You don’t need many things to keep you happy, do you? Just sometimes the simplest things and a bit of good company make the perfect day.
100%. It’s amazing where the time can go to with a pint and a pasty and some really good humour. It’s great. I’ve got so many friends down there now. There are so many places you can go in Cornwall to have a have a good time. There are so many lovely pubs and venues, where you can go.
It’s just food heaven.
It is. You’ve spoken a lot about Newlyn and it’s a place with such a lovely character. It has a really nice feel to it. So, if you visit Cornwall, you should definitely go down there and get the vibe.
But if you wanted to buy some fish in Newlyn, there are a lot of places that you can buy them from. Anywhere in particular that someone should head or just have a look and see what tickles their fancy?
Havea look. The beauty of Newlyn is it’s a sort of smorgasbord of seafood. You’ve got Trelawny Fish. You’ve got Stevenson’s, now owned by Ocean Fish.

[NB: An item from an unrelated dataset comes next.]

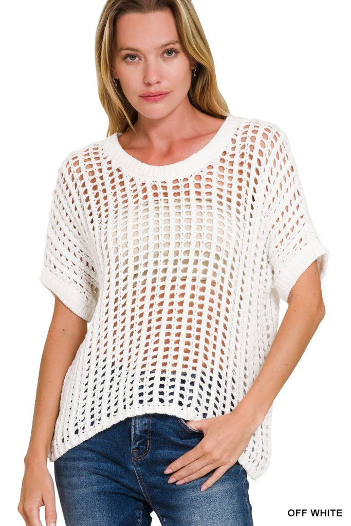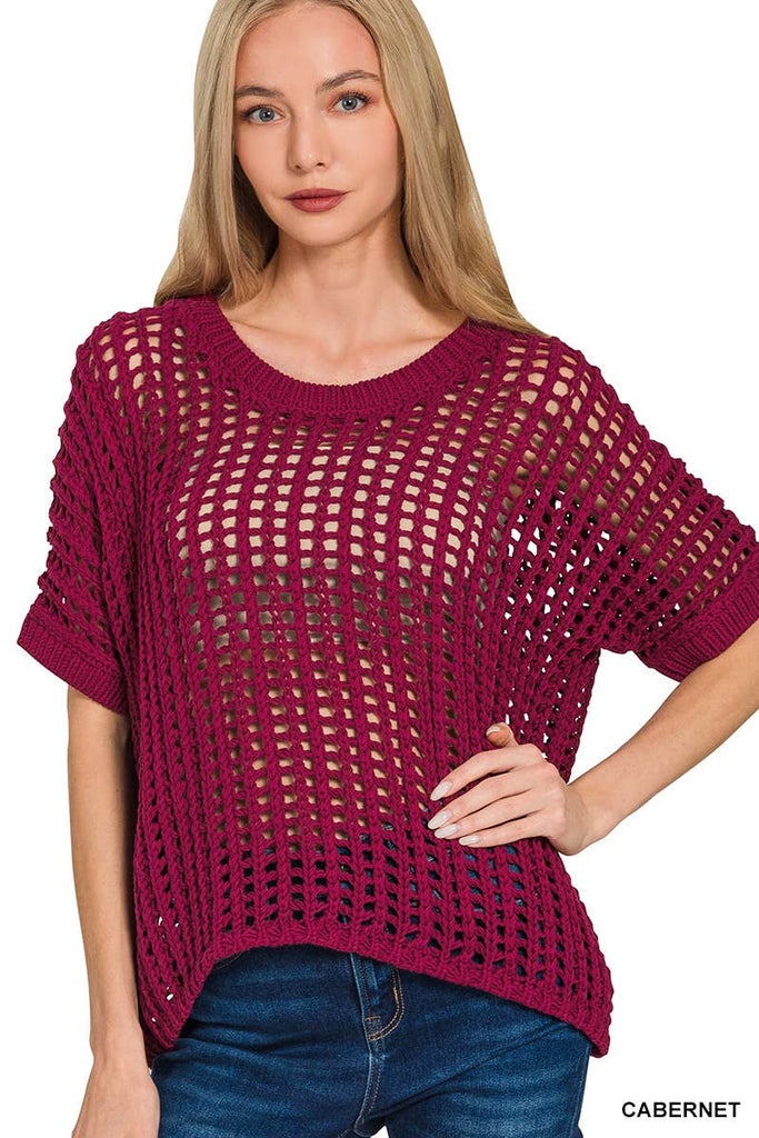 Fish Net Short Sleeve Crochet Sweater Total Body Length: 20.5", Chest: 47" Approx. - Measured From S/m ** Color May Vary Slightly Due To Monitor Resolution Fabric 100%cotton Womens Clothing, Apparel, Western Apparel, Western Wear Made In China

Both have fantastic fish counters there. You’ve the pick of prime Cornish produce there.
So that would be the place to go if you’re wanting to get fish to cook at home. Definitely head to those two places. But then there are other good fishmongers as well. There’s Matthew Stevens here in St. Ives, Wing of St.Mawes. There are some really top places and top fishmongers who will give you all the recommendations.
I think also what I’ve definitely found is, if you to the fishmongers and you’re looking at the fish and you sort of have something in mind but you’re not quite sure or you’re a little nervous about it, they’ll be really helpful. They’ll tell you how to cook it, quite precisely, and they’ll really simplify it so that that you could take something home. They’ll prepare it for you. They’ll do everything you need and they make it very, very easy for you, don’t they?
100%. That’s the good thing about British fishmongers, is that there’s no question which is out of bounds. Ask them anything because fish cookery is essentially incredibly simple. Less is always more. People are reticent about prepping fish. So, if you don’t want to prep the fish yourself or you don’t know how, get the fishmonger to do it for you.
He’ll tell you where it’s come from, how it’s been caught, why it’s been caught, when it’s been caught. So, you’ve got the provenance as well and don’t feel too nervous about it because it’s not that difficult.
Brilliant. And finally, just to wrap up, a tip for people visiting Cornwall or people that are in Cornwall. Something to experience that they might not ordinarily think of?
If we keep the fishy theme going, I’ve just launched an initiative which is mainly for hospitality in the media, but it’s something called Quay Connections.
What we do is we take people on harbour trips and visits of Newlyn Fish Market and the port. We get them aboard a vessel. We get them talking to fishermen. We visit a processor. We go to the lobster hatchery. We go to Fishy Filaments, who’s the guy who makes different plastics out of recycled nets. We talk about the sustainability. Not just of the fish stocks themselves, but of the fishing community and how important all the allied industries are, because every fisherman has about 15 other guys standing behind him in support. That’s true balance and sustainability within a community. And Newlyn is a shining example of that.
So, come on one of my Quay Connections tours and see for yourself exactly what happens below the surface.
Thanks for that. It sounds like a lovely way to experience a different side of Cornwall and get some insights and stories that you might not ordinarily hear of.
Absolutely. That’s what it’s all about. It’s all about educating, enthusing, and informing.